Sunday 13 September 2009

Report from UNITE Manchester Area Activists Conference

My Area Conference took place on Thursday. It was a chaotic affair, demonstrating that the arrangements for the new UNITE structures have not been communicated clearly enough to activists, and also that the fudges between "Amicus" and "TGWU" approaches have produced a camel that doesn't serve the membership as well as it should. I hope activists are considering how to improve matters when we finally get to our first rules conference.

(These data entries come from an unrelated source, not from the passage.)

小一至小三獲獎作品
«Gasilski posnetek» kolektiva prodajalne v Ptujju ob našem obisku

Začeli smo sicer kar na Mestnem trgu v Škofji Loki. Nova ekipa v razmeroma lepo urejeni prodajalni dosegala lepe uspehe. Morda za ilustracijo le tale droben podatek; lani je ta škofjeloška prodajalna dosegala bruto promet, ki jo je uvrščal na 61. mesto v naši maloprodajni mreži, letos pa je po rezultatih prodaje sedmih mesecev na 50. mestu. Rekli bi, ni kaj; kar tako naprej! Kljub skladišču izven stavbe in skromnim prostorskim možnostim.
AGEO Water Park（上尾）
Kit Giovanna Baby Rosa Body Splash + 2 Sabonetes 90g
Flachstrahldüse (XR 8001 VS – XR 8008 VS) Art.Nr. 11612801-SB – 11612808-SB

Conference agreed motions:

  1. against the practice in construction of management "parachuting" in stewards who had not been elected by members
  2. against blacklisting and the unsupervised use of the Regulation of Investigatory Powers Act (RIPA) by local authorities to snoop on workers
  3. highlighting the FT report of the vote by the UNITE delegation at the Labour Party policy forum in Warwick for privatisation of the NHS (against union policy) and calling for a report of the decision along with a list of the delegates to be made available to members
The conference elected the Manchester Area Activists Committee:
  1. Alan Aspen
  2. Andy Ford
  3. Anna Cropper
  4. Arthur Adshead
  5. Barrie Eckford
  6. Colin Trowsedale
  7. Dave Quayle
  8. Debra Green
  9. Ian Allinson
  10. Jackie Cook
  11. Jane Knox
  12. Jason Phillips
  13. John Hughes
  14. Lou Ashton-Hurst
  15. Martin Brown
  16. Nick Parnell
  17. Paul Dale
  18. Pauline Bradburn
  19. Peter Bury
  20. Raul Burke
  21. Steve Pollard
  22. Terry Abbott
The Committee then met briefly and elected Terry Abbott and Pauline Bradburn as delegates to the North West Regional Committee. I was very pleased that the Committee was able to elect from its number to all the Equalities places. I don't think it's appropriate to post the names here.


Demos said...

Hi Ian,

Good to see your coverage of activist area conferences.

But as an EC member are you concerned about the dramatic drop in Unite membership?

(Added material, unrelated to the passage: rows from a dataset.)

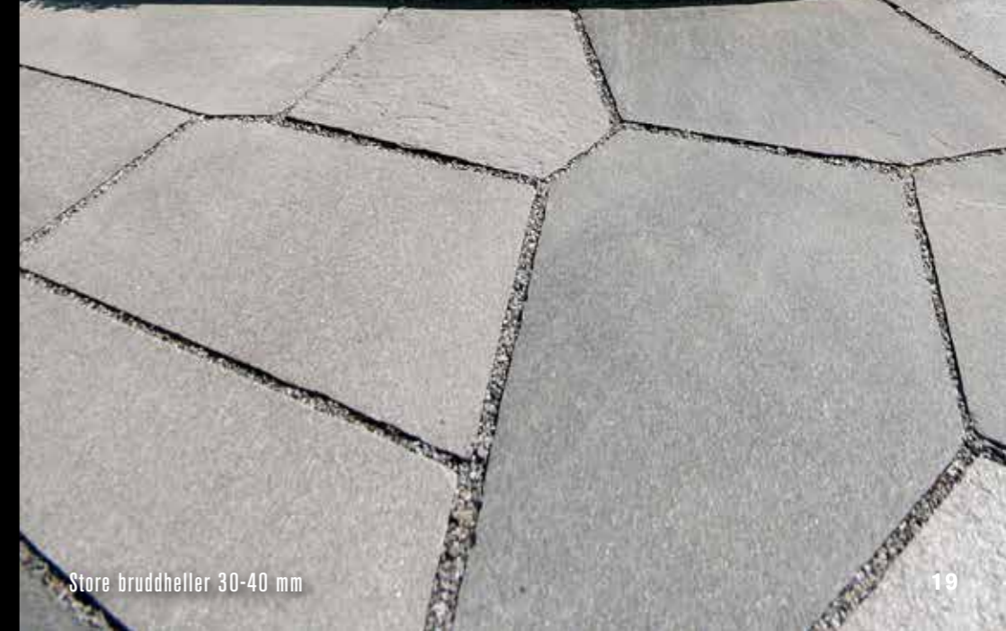
Store bruddheller 30-40 mm
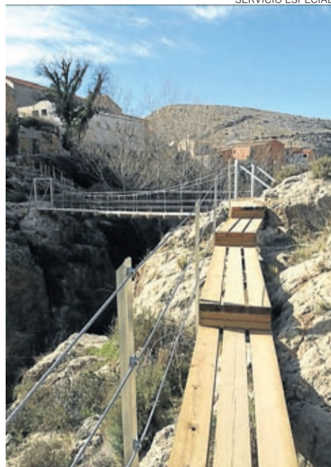
Almonacid espera retomar las visitas guiadas.
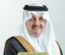
الأمير عبدالعزيز بن عبدالعزيز آل سعود
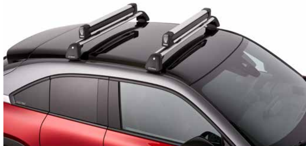
Ski -en snowboarddrager (lang)
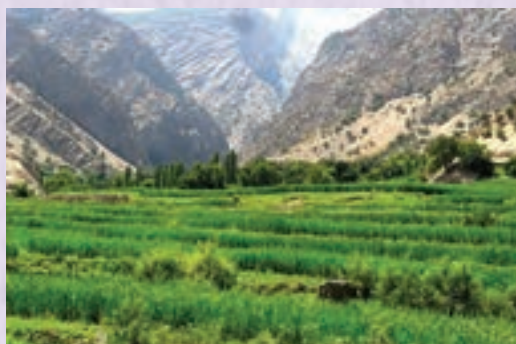
شکل ۳۰- روستای شیوند- ایذه خوزستان

شما چه اقدامات دیگری را پیشنهاد می‌کنید؟ در جای خالی بنویسید.

At this site there's the suggestion that the SEIU-organising (former T&G-side) might be to blame:

As a strong grass-roots activist I'm interested in what you think.

Ian said...

Of course I'm concerned about the drop in membership, but the figures you quote on your web site are ridiculous.

Most of the drops are about cleaning up membership records of people who haven't been paying subs for years. A long overdue piece of political honesty in my opinion.

To try to blame this on the SEIU, which has plenty of faults I'm sure, looks more like you're grinding an axe than trying to look reality in the face.

There is, however, a drop in paying membership as well. This reflects the fact that our recruitment hasn't kept pace with the rate of membership loss due to members retiring and in recent months, leaving when they lose their jobs.

In my opinion, unions can grow in a recession, if they are seen as effective in resisting the attempts of employers to make working people pay the price of a recession we didn't create. We're having great success in some areas, but nowhere near widely enough.

I think strengthening the activist base and putting the emphasis heavily on campaigning and organising (not merely servicing or recruitment) is the key to making unions more effective. If they prove effective they will grow too.

Demos said...


No complaints about honesty regarding membership figures - agree that deadwood needs to be removed.

But the 1.9M and 1.6M are the last two years figures submitted to the Certification Officer.

And as you would know as an EC member the July 09 UNITE EC report states that membership stands at 1,334,167.

Raises the question - is the close relationship with SEIU and wholesale adoption of their organising model working for Unite?

As an EC member are the EC challenging the performance of the organising department and holding it to account?

Demos said...

Further to my query see what Unison NEC members are starting to ask in relation to their Union's relationship with SEIU:

Some questions more relevant to Unison than Unite but the replies will be interesting.

Ian said...

It's healthy that there should be a debate about organising strategy - it's crucial for our future. I think it's great that unions are trying to grasp this nettle, but none are getting it perfect.

Frankly Demos, your comments seem more like an attempt to plug an obscure web site obsessed with the SEIU than any constructive contribution to the debate about how we can do better.

I'll continue to post genuine comments, whether I agree with them or not, but future posts which don't really say anything apart from trying to generate web traffic will be blocked.